Imagine a dead tree, three hundred fifty meters tall, with six gnarled branches worming their way from its trunk. Throw it into orbit around a guttering red dwarf that doesn’t even rate a proper name. This is what I’d come upon; there were no ports, no running lights, no symbols on the hull. It hung there like some forgotten chunk of cosmic driftwood. Embers of reflected sunlight glinted occasionally from the surface; they only emphasised the shadows drowning the rest of the structure. I thought it was derelict at first.
Of course I went through the motions anyway. I reached out on all the best wavelengths, tried to make contact a hundred different ways. For hours it ignored me. Then it sent the merest blip along the hydrogen band. I fed it into the onboard.
What else do you do with an alien broadcast?
The onboard had managed one startled hiccough before it crashed. All the stats on my panel had blinked once, in impossible unison, and gone dark.
And then doppler had registered the first incoming missile.
So I’d jumped, blind. There really hadn't been a choice, then or the four times since. Sometime during that panicked flight, I had given my tormentor a name: Kali.
Unless Kali had gotten bored—hope springs eternal, even within puppets such as myself—I’d have to run again in a few hours. In the meantime I aimed Zombie at the binary and put her under thrust. Open space is impossible to hide in; a system, even a potential one, is marginally better.
Of course I’d have to jump long before I got there. It didn’t matter. My reflexes were engineered to perform under all circumstances. Zombie’s autopilot may have been disabled, but mine engaged smoothly.
It takes time to recharge between jumps. So far, it had taken longer for Kali to find me. At some point that was likely to ch
ange; the onboard had to be running again before it did.
I knew there wasn’t a hope in hell.
A little forensic hindsight, here: How exactly did Kali pull it off?
I’m not exactly sure. But some of Zombie ’s diagnostic systems run at the scale of the merely electronic, with no reliance on quantum computation. The crash didn’t affect them; they were able to paint a few broad strokes in the aftermath.
The Trojan signal contained at least one set of spatial co-ordinates. The onboard would have read that as a pointer of some kind: it would have opened the navigation files to see what resided at x-y-z. A conspicuous astronomical feature, perhaps? Some common ground to compare respective visions of time and space?
Zap. Nav files gone.
Once nav was down—or maybe before, I can’t tell—the invading program told Zombie to update all her backups with copies of itself. Only then, with all avenues of recovery contaminated, had it crashed the onboard. Now the whole system was frozen, every probability wave collapsed, every qubit locked into P=1.00.
It was an astonishingly beautiful assault. In the time it had taken me to say hello, Kali had grown so intimate with my ship that she’d been able to seduce it into suicide. Such a feat was beyond my capabilities, far beyond those of the haphazard beasts that built me. I’d have given anything to meet the mind behind the act, if it hadn’t been trying so hard to kill me.

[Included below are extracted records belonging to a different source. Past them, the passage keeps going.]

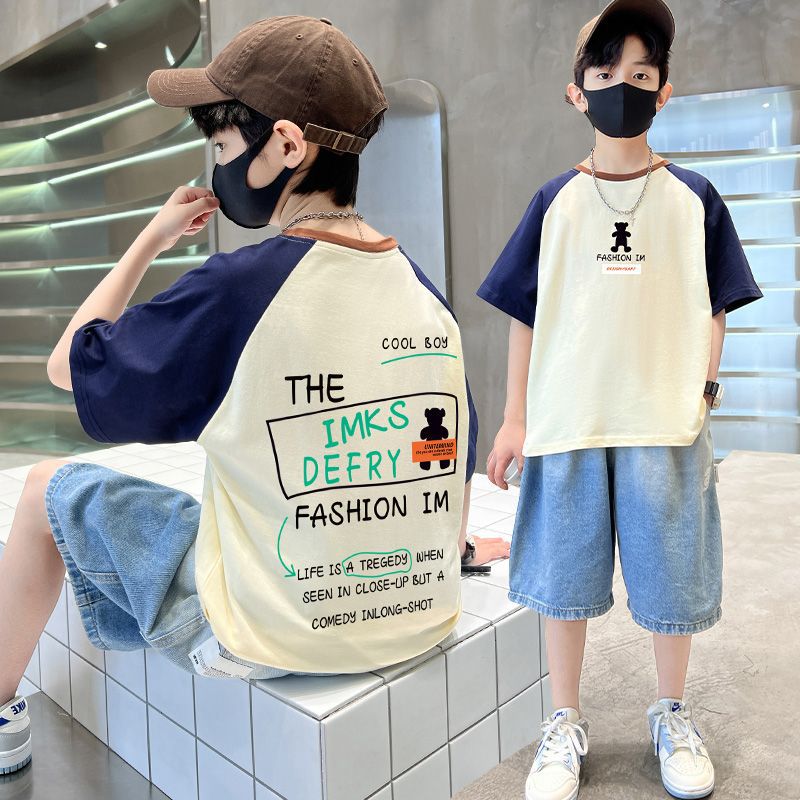 男童拼接短袖T恤夏装童装新款儿童中大童纯棉休闲男孩上衣潮
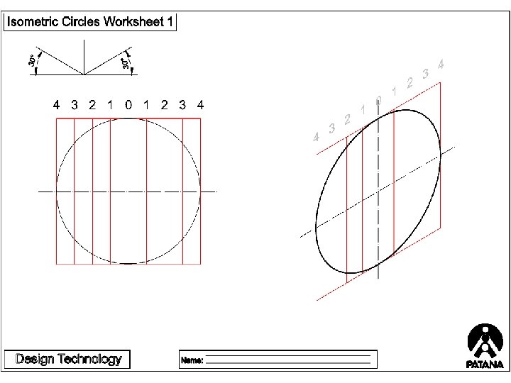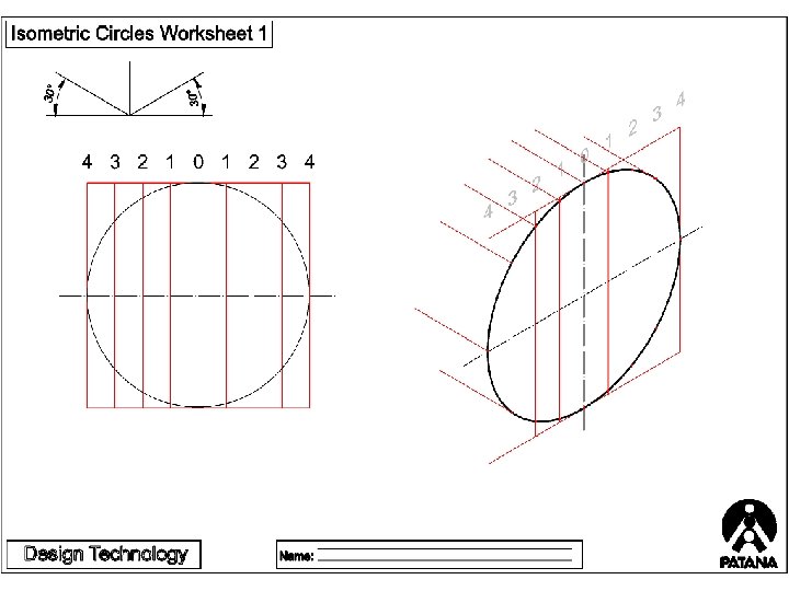 ISOMETRIC CIRCLES AND CYLINDERS 5. Continue around the isometric circle 'plotting' transferring distances from the original grid to the isometric grid - until the circle is complete. Your work sheet should look like this: -
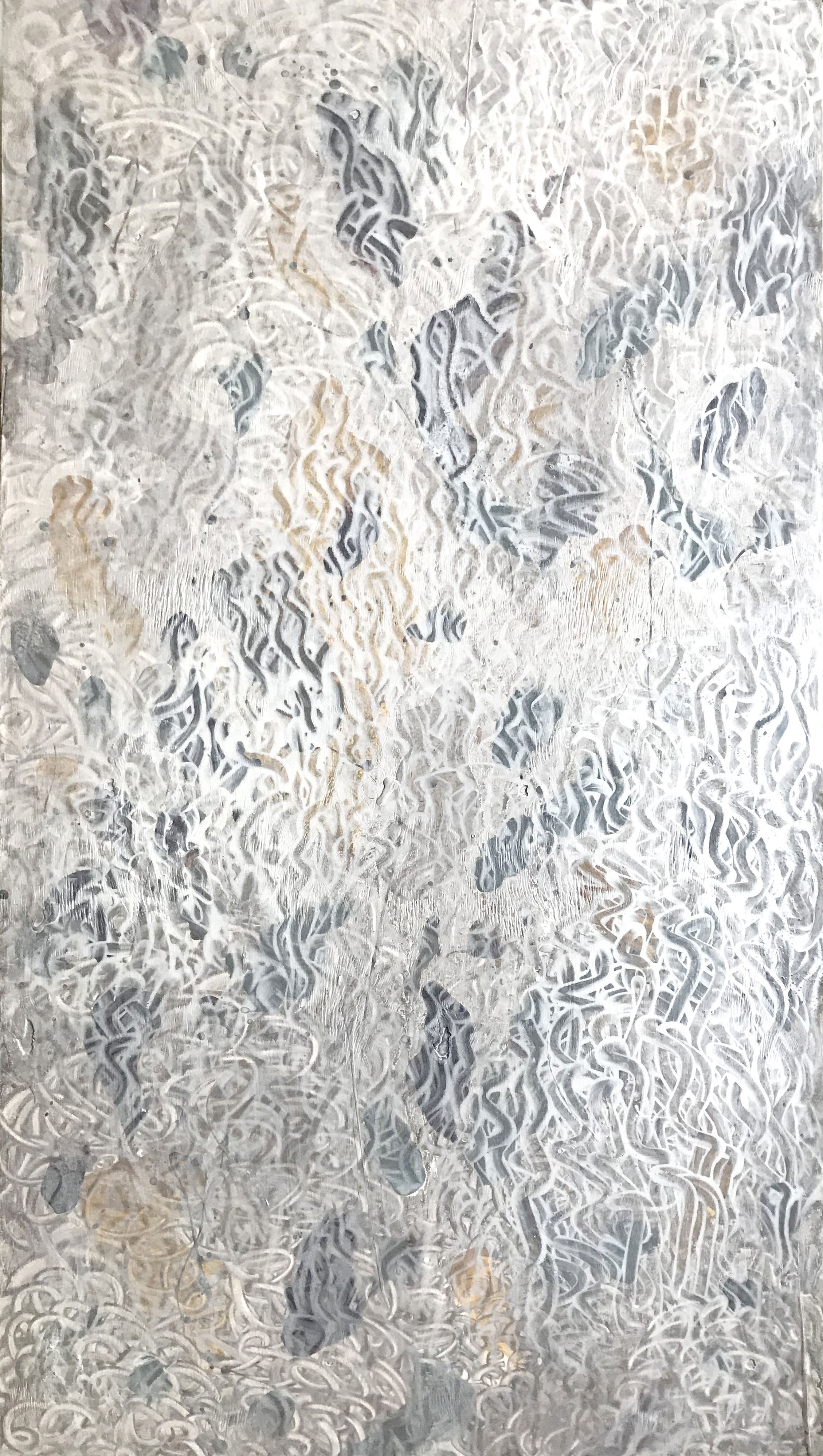 Не ограничивается в материалах и всегда находится в поиске: холст, рисовая бумага, дерево, ручная бумага, органические и синтетические объекты, а также предметы ready made, макрофотография и видео. Создает собственные инструменты для творчества.
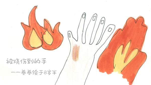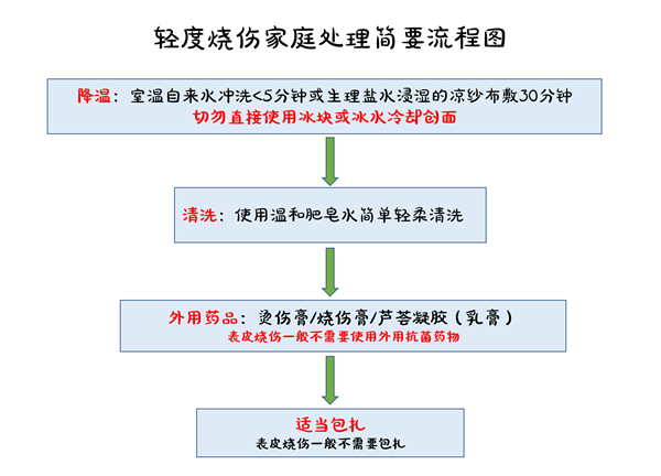 卷卷:“好的,好的!妈妈,那您快告诉我怎么做,我马上背下来!然后抓弟弟也一起背!!” 卷妈:“你不要着急嘛!” 卷卷:“怎么能不着急呢!赶快赶快!” 卷妈思考了一会儿,拿出了一张纸和一支笔,说:“我一边说,一边画,你一边记哦!” 卷卷:“好滴,保证能记得滚瓜烂熟!” 卷妈拿笔敲了一下卷卷的脑袋瓜子,说:“我们家庭处理的烧伤一般是比较轻的烧伤,仅仅是伤及皮肤表皮,也就是表皮烧伤,如果伤得较深的烧伤要尽快到医院就医。当我们被烧伤时,首先要降温,可以用自来水冲洗,也可以用生理盐水浸湿的凉纱布来降温,但是切记不能使用冰块或冰水。然后是清洗,可以用温和的肥皂水简单地清洗,接着可以涂一些如烫伤膏、烧伤膏的药品或芦荟凝胶(乳膏),一般表皮烧伤也可以不用涂,也不需要包扎。” 卷卷:“还有什么其他需要注意的地方吗?” 卷妈:“若烧伤处有水疱的话,可以用非黏性干净的绷带包扎覆盖,每天更换1~2次。不要刺破水疱,否则很容易感染。若伤处疼痛,可试着将烧伤部位抬高至心脏水平以上。比如,脚部烧伤了,可试试躺下来,然后用枕头垫高脚部。还可使用一些非处方的止痛药,如对乙酰氨基酚或布洛芬。还有一个特别重要的地方就是不要搔抓烧伤的位置!” 卷卷:“哦,哦,明白了!” 卷妈:“诺,这就是简单的处置流程图啦,拿去,背好啊!”
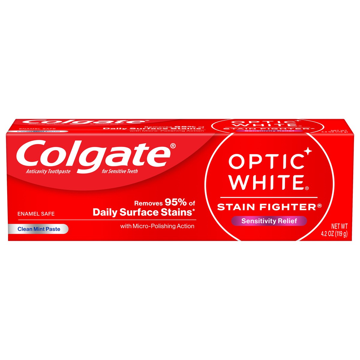 Colgate Optic White Stain Fighter Sensitivity Relief Teeth Whitening Toothpaste, 4.2 Oz. Remove every day surface stains to reveal a brighter smile with Colgate Optic White Stain Fighter Sensitivity R…
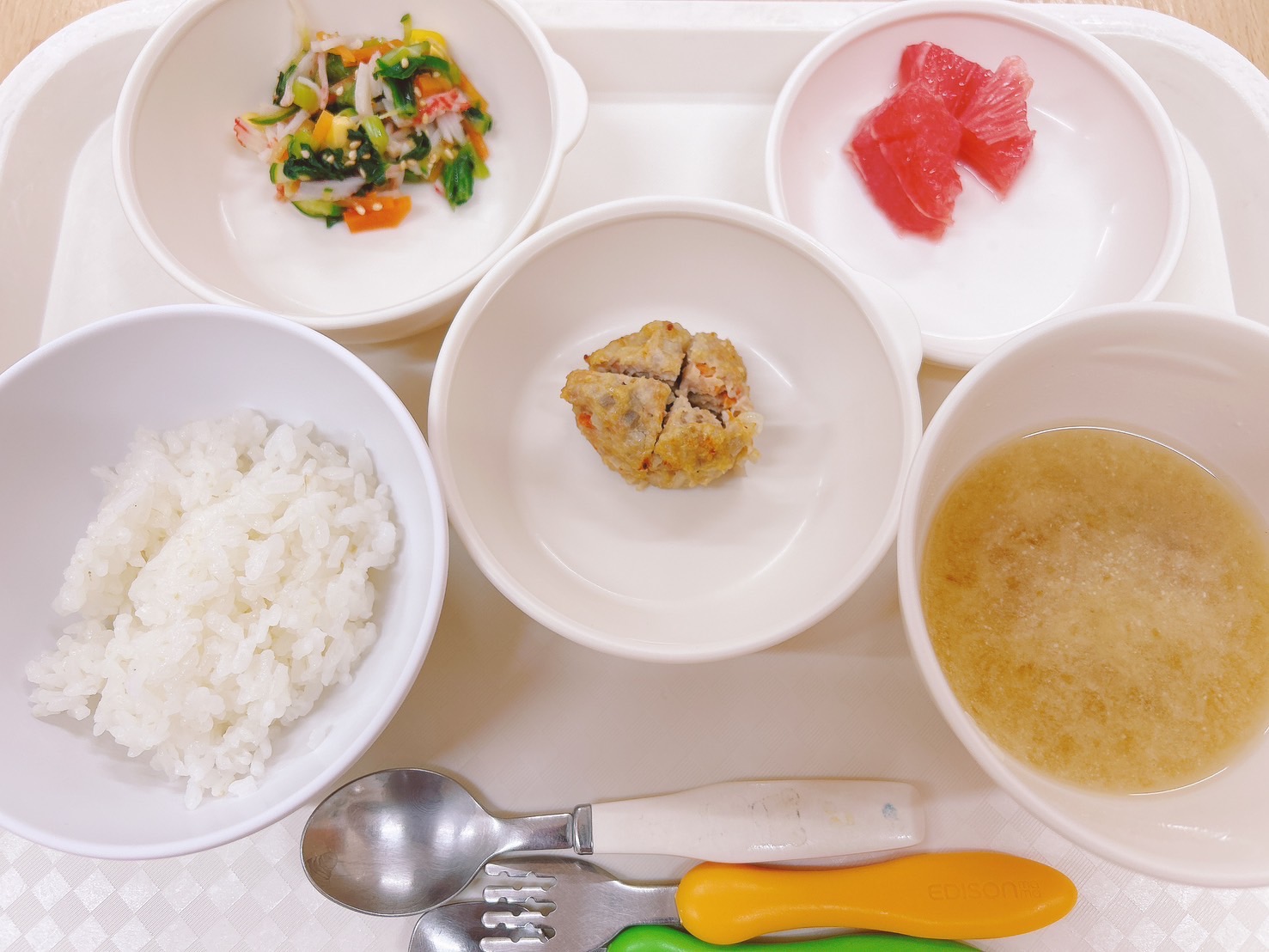 在園児向けのお知らせ 令和7年2月10日(月) 2025.02.10 🍚今日のお給食🍚 白飯 根菜入り鶏つくね かまぼこと青菜の和物 みそ汁(なめこ・長ねぎ) グレープフルーツ 《2歳児クラス》 《1歳児クラス》 《0歳児クラス》 🍎今日の一枚!🍎 🍒今日のおやつ🍒 バナナ🍌 この記事のタイトルとURLをコピーする 令和7年2月7日(金) 前の記事 令和7年2月12日(水) 次の記事

Early in the hunt I’d tried jumping several times in rapid succession, without giving Kali the chance to catch up. I’d nearly bled out the reserves. All for nothing; the alien found me just as quickly, and I’d had barely enough power to escape.
I was still paying for that gamble. It would take two days at sublight for Zombie to recharge fully, and ninety minutes before I could even jump again. Now I didn’t dare jump until the destroyer came for me; I lay in real space and hoarded whatever moments of peace the universe saw fit to grant.
This time the universe granted three and a half hours. Then short-range beeped at me; object ahead. I plugged into Zombie’s cameras and looked forward.